Vol. 2 Issue 27 | July 8, 2016

Vol. 2 Issue 27 | July 8, 2016

Three Things This Week

1. Alton Sterling and Philandro Castile

What it is: In the past two days, the fatal shootings of two black men by police has the US asking big questions about systemic racism and police violence leading to the shooting deaths of 561 people in 2016.

Why it’s important: Because Sterling and Castile were God’s children. Because Christians are pro-life. Because we are a people who give voice to injustice. Because black lives really do matter. Because, as witnessed in Dallas, an eye for an eye makes the whole world blind. According to Beyonce, “We all have the power to channel our anger and frustration into action.” Help your students develop empathy for the hurting. Empathy starts with walking a mile in someone else’s shoes; it means mourning with those who mourn; it means that even though you aren’t a victim of police violence, recognize that “injustice anywhere is a threat to justice everywhere.” It means doing more than tweeting #ThoughtsAndPrayers. Throughout history, justice often comes for the oppressed when the privileged join in their struggle. Remind your students that outrage alone isn’t a strategy, that their task is to join in the fight for human dignity.

 

2. Teaching Tips For the 21st-Century

What it is: Today’s students are tech-savvy, socially connected, and media immersed (the average TV show changes scenes every 7 seconds), and it’s altering how they think. We as teachers/pastors should adapt our educational techniques accordingly as we disciple the next generation.
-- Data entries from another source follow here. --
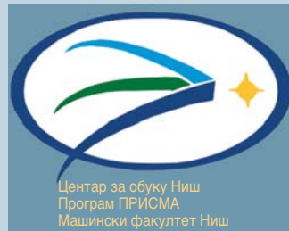
Центар за обуку Ниш Програм ПРИСМА Машински факултет Ниш

У самом Центру успостављена је организација рада која углавном задовољава потребе официра, а као крајњи циљ пружа кандидатима специфична знања и вештине, припрема их за рад у конкретном радном окружењу и обезбеђује им наставак каријере у рангу високообразованог кадра.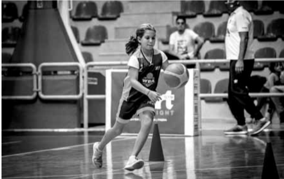
احدى اللعاب تستعرض موهبتها

استضاف كل من «Pro Camp» على ملعبه في الدكوانة و«WBA» على أرضه في طرابلس مرحلة تصفيات «بطولة تحدي المهارات الفنية وتسديد الريميات الثلاثية لأكاديميات كرة السلة» من تنظيم شركة «سبورتس مانيا» وموافقة الاتحاد اللبناني لكرة السلة بحضور اداريين، مدربين ولاعبين من الأكاديميتين.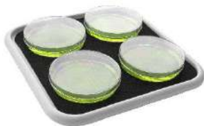
Био PP-4S с силиконовым ков- риком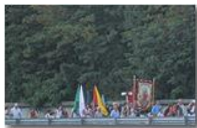
Tradizionale processione festa NS di Lourdes

Pietro Marcheselli - Altro/Other 2013 - Estate - Savignone - Altro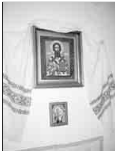
Детаљ из српске собе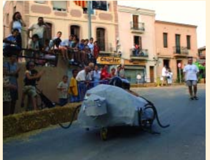
Un escarbat gegant van dominar els carrers del Papiol per uns moments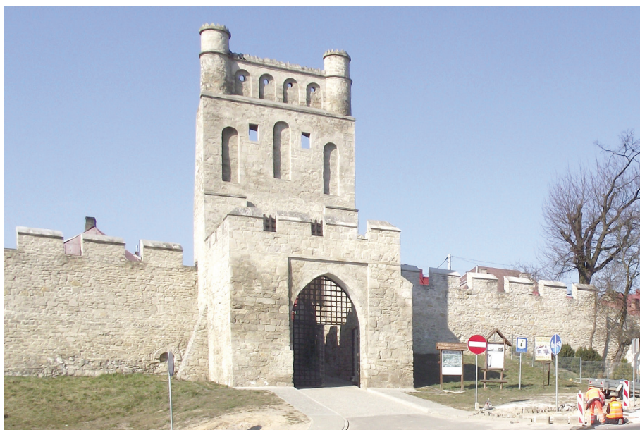
Fotografia 3. Brama Krakowska w Szydłowie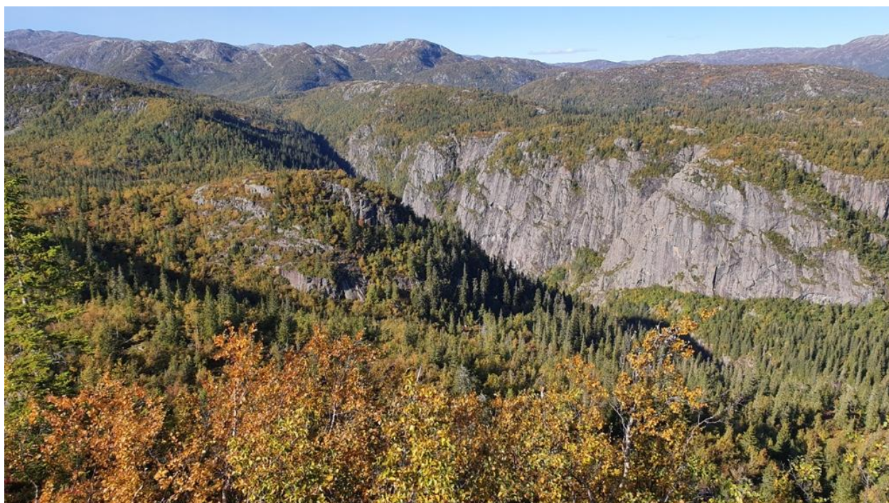
Utsyn frå Nystøylnuten over Smogåjuvet og Ånefjell.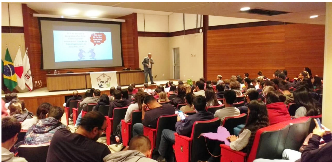
Figura 6 – Foto do auditório do ICEA.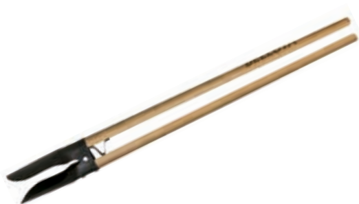
Pala Excavadora Med.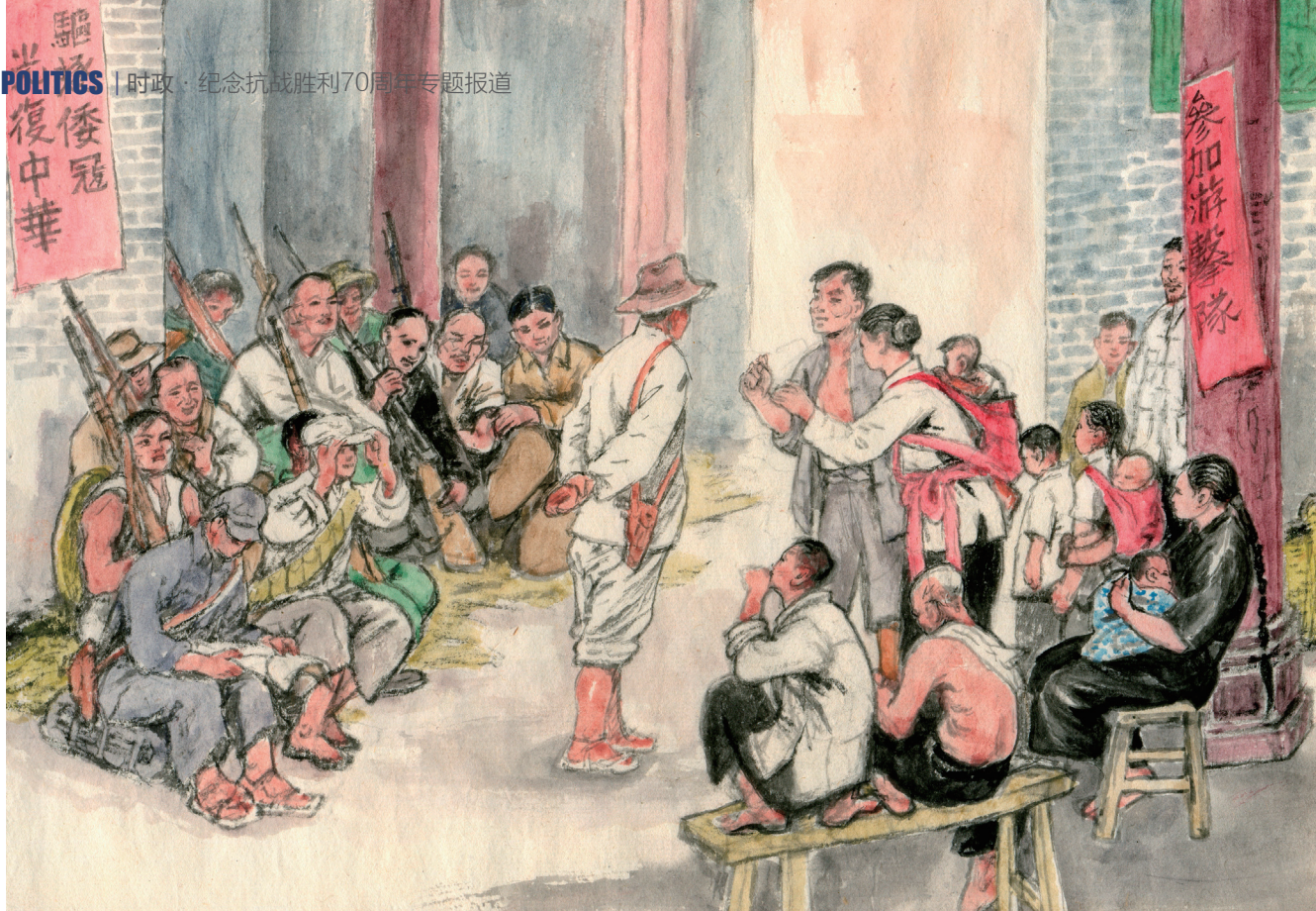
民众争先报名参加游击队 (绘画 / 邓振玲)

Do this: Incorporate media in your lessons, and change the visuals often. Utilize blended learning, allowing students to use computers for research, watch videos, and collaborate with one another on various topics. Finally, use pop culture as teaching tools. When students are given the opportunity to engage and write about their own interests, they feel more comfortable taking your instruction and guidance.

 

3. “Fingermouthing”

What it is: New photo pose and Internet slang term that’s not nearly as dirty as it sounds.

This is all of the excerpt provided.